Business Insider falsely claimed a report by an NGO asserted that “Trump may have bombed Yemen more than all previous US presidents combined.” While the claim, though falsely cited, is technically correct it lacks the important context that only two other presidents in American history have ordered any airstrikes in Yemen at all.
BACKGROUND: In 2014, during the presidency of Barack Obama, a civil war erupted in Yemen. This conflict drew in regional powers including Saudi Arabia and — to a lesser extent — the United Arab Emirates. The United States also intervened, conducting airstrikes against Al-Qaeda in the Arabian Peninsula (AQAP), one of the belligerents in the conflict, as well as the Islamic State organization and other actors. These airstrikes continued during the presidency of Donald Trump.
THE CLAIM: On October 27, 2020, Business Insider published a story titled “Trump may have bombed Yemen more than all previous US presidents combined, new report finds.” The dramatic claim contained in the Business Insider headline is neither repeated nor elaborated upon anywhere in the body of the story. The story does, however, link to an October 2020 report by the NGO Airwars titled “Eroding Transparency: Trump in Yemen.“
INVESTIGATION: A close examination of the Airwars report fails to unearth any claim within it that Donald Trump “may have bombed Yemen more than all previous US presidents combined.” The closest thing to such an assertion in the report is found on page four, which offers a qualitatively and chronologically different assessment.
A total of 230 alleged and declared US kinetic actions took place in Yemen during Donald Trump’s presidency (2017-2020) according to Airwars monitoring. Of these, 181 US actions were officially declared. This likely marked the most intensive period of strikes in that country by any US president since 2001. However, this high tally disguises significant variations between individual years.

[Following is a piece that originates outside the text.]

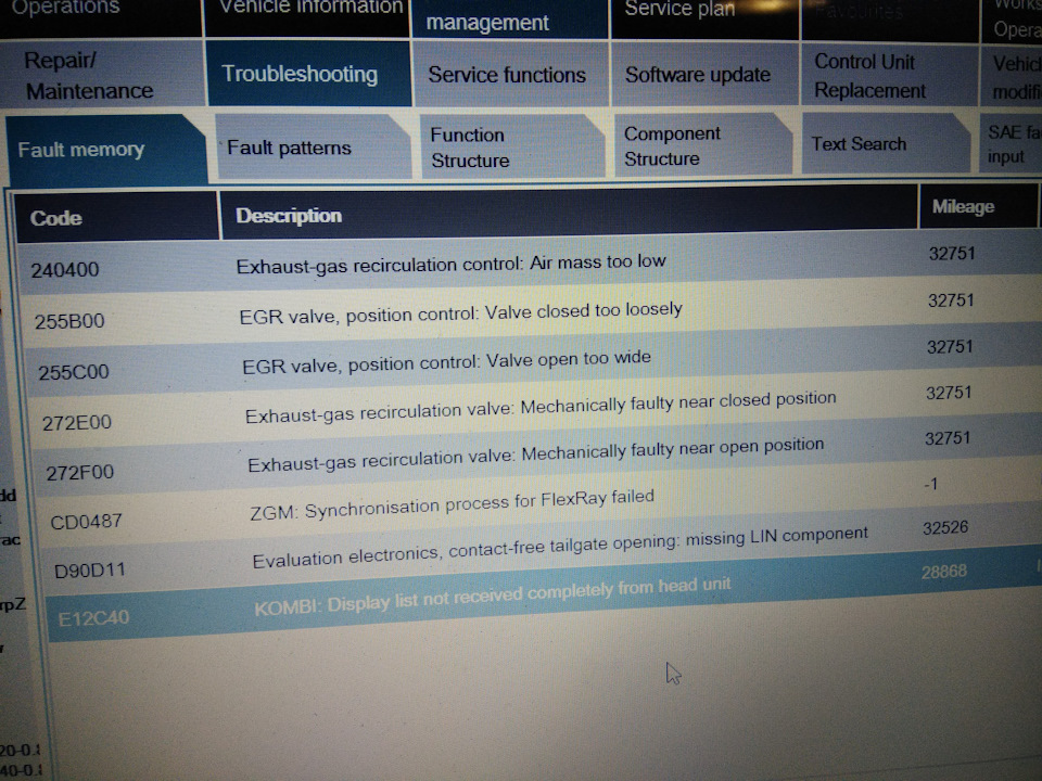 Получается что по каждому факту выпадения ошибки на экран в блоках появлялось сразу 5 ошибок, все разные, но все о клапане EGR и все на одном пробеге и в одно время. Всего получается эта штука выпадала на экран уже 3 раза, последний раз прямо перед дилером. Смотрел ошибки по блокам только один раз, сколько там сейчас записей об ошибках неизвестно. Но получается что ошибки дали о себе знать сразу вывалившись на экран.

Having established that the report cited by Business Insider does not, in fact, claim that “Trump may have bombed Yemen more than all previous US presidents combined,” we next turn our attention to whether or not such a claim may be correct, even if falsely cited.
A July 2020 report by the Congressional Research Service, “Instances of Use of United States Armed Forces Abroad, 1798-2020,” notes that the first use of U.S. military forces in Yemen occurred in 2000 during the presidency of Bill Clinton when a small element of ground troops was deployed in the country. The Bureau of Investigative Journalism explains that the “US conducted its first known drone strike outside of Afghanistan in Yemen in 2002. The second attack in the country did not take place for another seven years.”
While it is likely that Donald Trump did, indeed, preside over more bombings of Yemen “than all previous US presidents combined” it is also true that virtually all drone strikes in Yemen carried out by the United States in its history occurred during just two presidencies, those of Barack Obama and Donald Trump (one strike, executed in 2002, was carried out during the presidency of George W. Bush).
RATING: Business Insider claimed the Airwars report they cited found that “Trump may have bombed Yemen more than all previous US presidents combined.” The report makes no such claim, nor anything similar to it, only indicating that Trump had been more prolific in his use of airpower against Yemen than either of the previous two presidents, George W. Bush and Barack Obama. We rate the assertion that the Airwars report contained this claim as FALSE.
As for the assertion itself, it may be technically correct that Donald Trump “may have bombed Yemen more than all previous US presidents combined.” However, only three of 45 American presidents have ordered any type of air strike against Yemen at all, an important fact Business Insider omits. The result is a headline that is nothing more than clickbait. We rate it as TRUE but LACKING ADEQUATE CONTEXT.
Status: Business Insider did not publish a correction within 72 hours of making the false claim.